On November 22, 2021, the company announced that it expects to open Hollywood Casino Morgantown to the public on Wednesday, December 22 at noon, pending final regulatory approvals. The approximately 80,000 square-foot facility will feature 750 of the company’s latest slot machines and 30 table games, a state-of-the-art Barstool Sportsbook, and three unique dining options. At the Barstool Sportsbook, patrons will be able to enjoy sports from around the world on the jumbotron above the bar or numerous high-definition televisions throughout the facility.
Also, the company reported its third-quarter financials last month. Firstly, revenue for the quarter was $1.5 billion, an increase of over 30% from a year ago. Net income for the quarter was $86.1 million while adjusted EBITDA was $364.3 million. In light of this strong quarter, the company says that it has also successfully launched the Barstool Sportsbook mobile app in five states, which more than doubled its footprint. All things considered, will you consider adding PENN stock to your portfolio?
Another name to consider among the top leisure stocks in the stock market now would be Tilray. In brief, it is a major player in the global cannabis-lifestyle and consumer goods markets. For a sense of scale, the company’s operations currently span Canada, the U.S., Europe, Australia, and Latin America.

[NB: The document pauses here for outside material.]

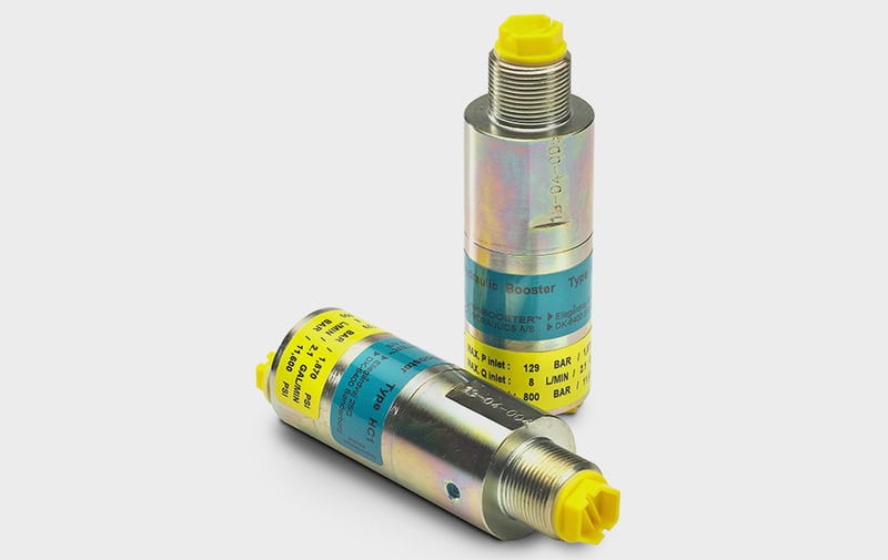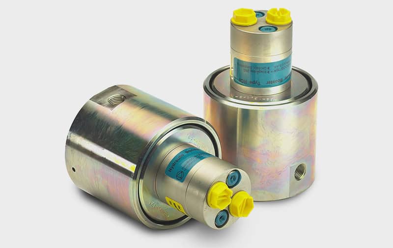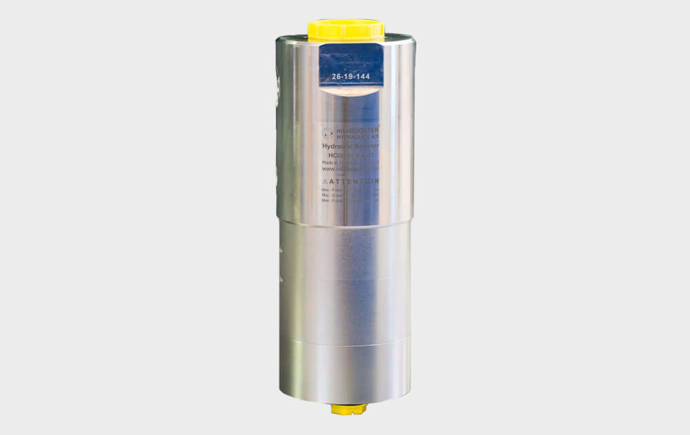 I moltiplicatori olio-olio o per un singolo fluido miniBOOSTER, consentono di gestire portate differenti grazie ai vari rapporti di moltiplicazione offerti. Tali moltiplicatori garantiscono prestazioni elevate e permettono di generare l'alta pressione solo in punti ben precisi del circuito idraulico. Il pratico montaggio tramite raccordi consente di effettuare la riconversione di un impianto idraulico preesistente in modo quasi istantaneo: è sufficiente "tagliare il vecchio tubo", interporre il moliplicatore ed inserire un raccordo di ritorno a serbatoio. Si possono raggiungere pressioni massime in uscita da 500 a 5.000 bar, con vari livelli di portata in ingresso e uscita in base alle dimensioni del moltiplicatore scelto.

All of which work towards delivering its comprehensive portfolio of cannabis-based offerings to consumers in over 20 countries via over 20 brands.
As it stands, TLRY stock currently trades at $7.44 as of 2:21 p.m. ET. Despite the current weakness in its shares, Tilray continues to press forward on the operational front. Just this month, Tilray launched a new edible hemp-based food offering and made a notable U.S. acquisition. For starters, the company now offers hemp hearts via its Manitoba Harvest subsidiary. According to Tilray, its hemp hearts “offers a simple way to support overall wellbeing by enhancing the nutritional value of holiday favorites”. Coming in the form of small seeds, Tilray’s latest product serves as an add-on to a large variety of meals. Not to mention, it also compliments vegan, keto, paleo, and gluten-free diets, appealing to a larger array of consumers.
The company also acquired Breckenridge Distillery (BD) earlier this month as well. BD is an award-winning producer of distilled spirits. According to Tilray, the acquisition serves to expand its U.S. offerings “into the on-trend spirits category”. All in all, it seems like Tilray is firing on all cylinders now. Could this make TLRY stock a top watch in your books?